To return the killer tiller, Jo borrowed my ’76 GMC. “Should I put gas in it?” she asked.

I said, “It should have half a tank … but the gas gauge is broken.”

They drove the malevolent tiller back to the lender and started home. They passed two gas stations. “Shouldn’t we top it off?” asked Tom.

“No,” said Jo, “Baxter said it was half-full.”

Ten minutes later, Jo was on the phone to her son asking him to meet her on Highway 90 alongside the road with a can of gas. He did. It was getting darker. Tom was feeling like the can in “kick the can.” Four miles later, they saw the lights of the Circle K. “Hallelujah,” sighed Tom.

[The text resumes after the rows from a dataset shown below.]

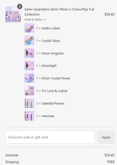 No code needed, the discount reflects on the ColourPop x Sailor Moon Collection in cart. FREE SHIPPING applies to orders $30+. Exclusions may apply. Take a look at our other favorite finds!
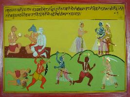 | Description / विवरण | Miniature painting based on Mahabharat - Udyam parva. The painting depicts Krishna who is fighting with demon while Sanjay says in the Hastinapur court that Krishna alone killed 8 thousand demon. |
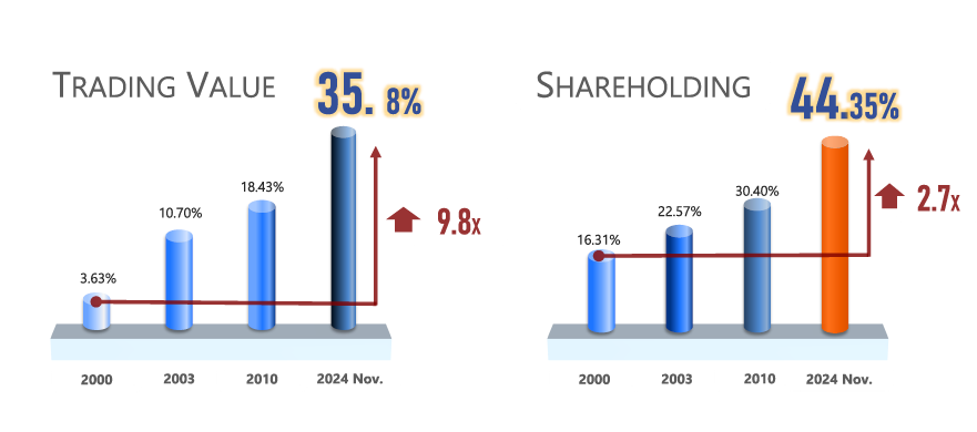 在上述逐筆交易及AI科技的環境下,加上臺灣上市公司的營收與獲利表現亮眼,吸引國際資金源源不絕流入。此外,臺灣股市具高殖利率與合理本益比優勢,2023年平均殖利率約3.37%,提供穩定的股息收益,且本益比相較全球市場具競爭力,進一步提高投資吸引力。外資在臺股的成交值比重自2000年的3.63%,成長至2024年11月的35.8%,相較2000年比重提升9.8倍。而外資持股市值比重亦自2000年的16.31%逐步攀升,截至2024年11月底已達44.35%,參與交易且長期持有,顯示外資對臺股市場未來發展具高度信心。
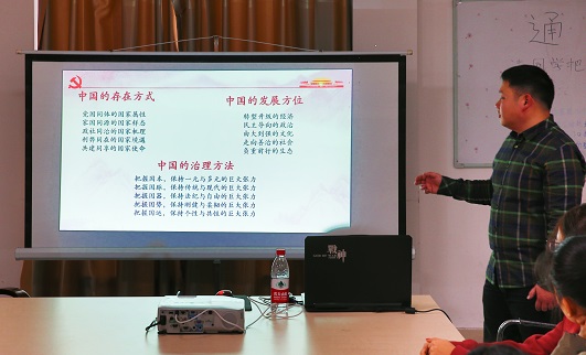 杨老师通过一个个生动形象的例子进行阐释。他从一首“走进新时代”引出了中国共产党的峥嵘岁月与取得的成就,告诉同学们中国共产党带领我们建立了新中国,实行改革开放,学生们要相信党的领导,支持于党的领导。最后杨老师从哲学的角度介绍了中国的存在方式,中国的发展方式,中国的治理方法,同学们对这些概念都有了较为全面的理解。
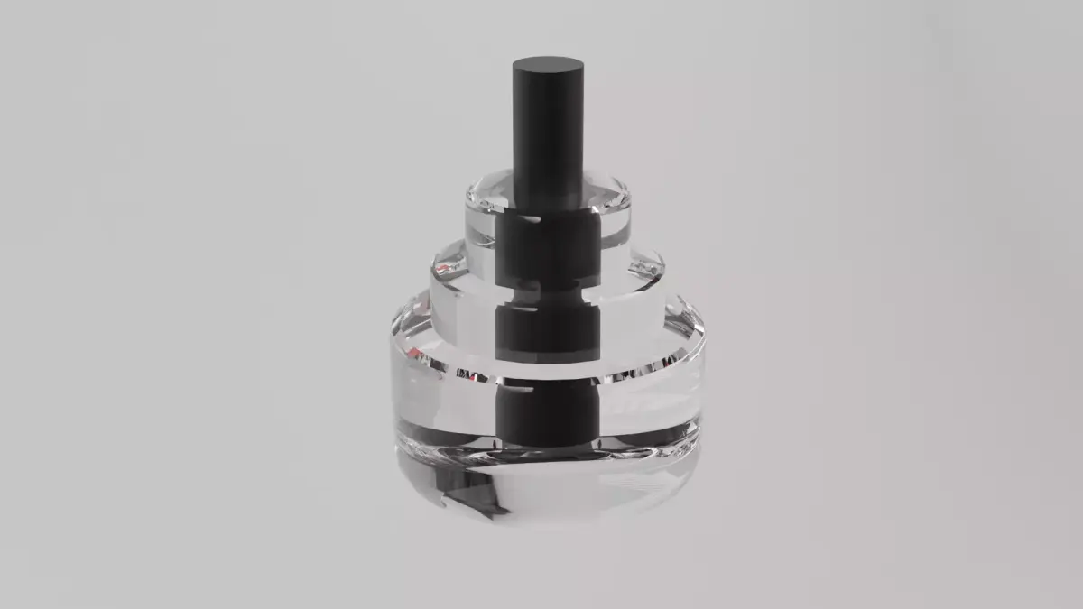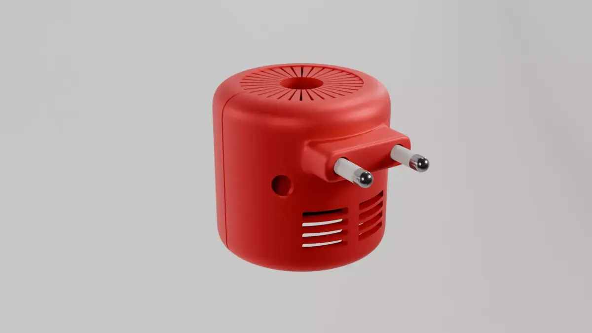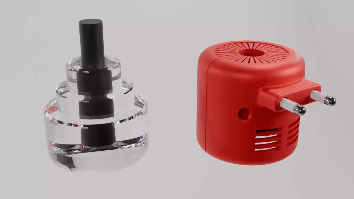 A compact plug-in liquid vaporizer mosquito repeller designed with a small refill bottle at the bottom and a vented plastic housing on top. The model typically includes a transparent or semi-transparent refill container, a screw-on cap with a wick, and an upper body with ventilation slits for vapor release. The plug portion extends at the back for power connection. Suitable for product visualization, packaging mockups, or interior scene detailing.
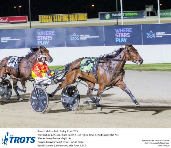Outstanding filly Iveseenheavenslight (Bettors Delight) showed her class with a strong win in the Listed $125,000 Nutrien Equine Classic final for three year old fillies at Melton on Friday night.
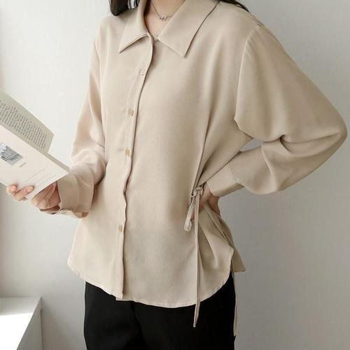yuviny (유비니 )여성 허리스트링 카라 셔츠 블라우스 루즈핏 오피스룩 출근룩 CS0001
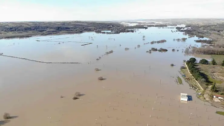 Ergene Nehri'nin debisinin 20 kat artmasıyla Kırklareli'nin Pehlivanköy ilçesindeki panayır alanı ve tarım alanları sular altında kaldı.
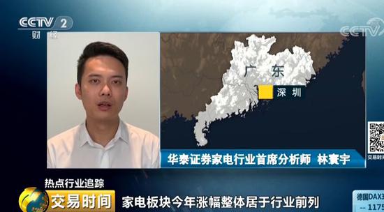 华泰证券家电行业首席分析师 林寰宇:家电板块,今年涨幅整体居行业前列,由年初的估值补涨行情,再到外资进入,再到近期因为房地产复苏后,整个房地产产业链的估值修复,甚至行业性的一个上升,所以说从目前来看,家电板块的估值,恢复到历史中位数水平偏下的一个水平。

That was just before he saw the red lights flashing in the rearview mirror … “Oh, no.”

The officer pulled them over because of no tail lights.

“Could it get any worse?” Ever-ready Tom found a piece of wire in the pickup bed and attempted to hot-wire the fuse. Jo saw the sparks and heard the sizzle. Tom raised his smoking index finger, which smelled like barbecueing a goat with the hair still on it.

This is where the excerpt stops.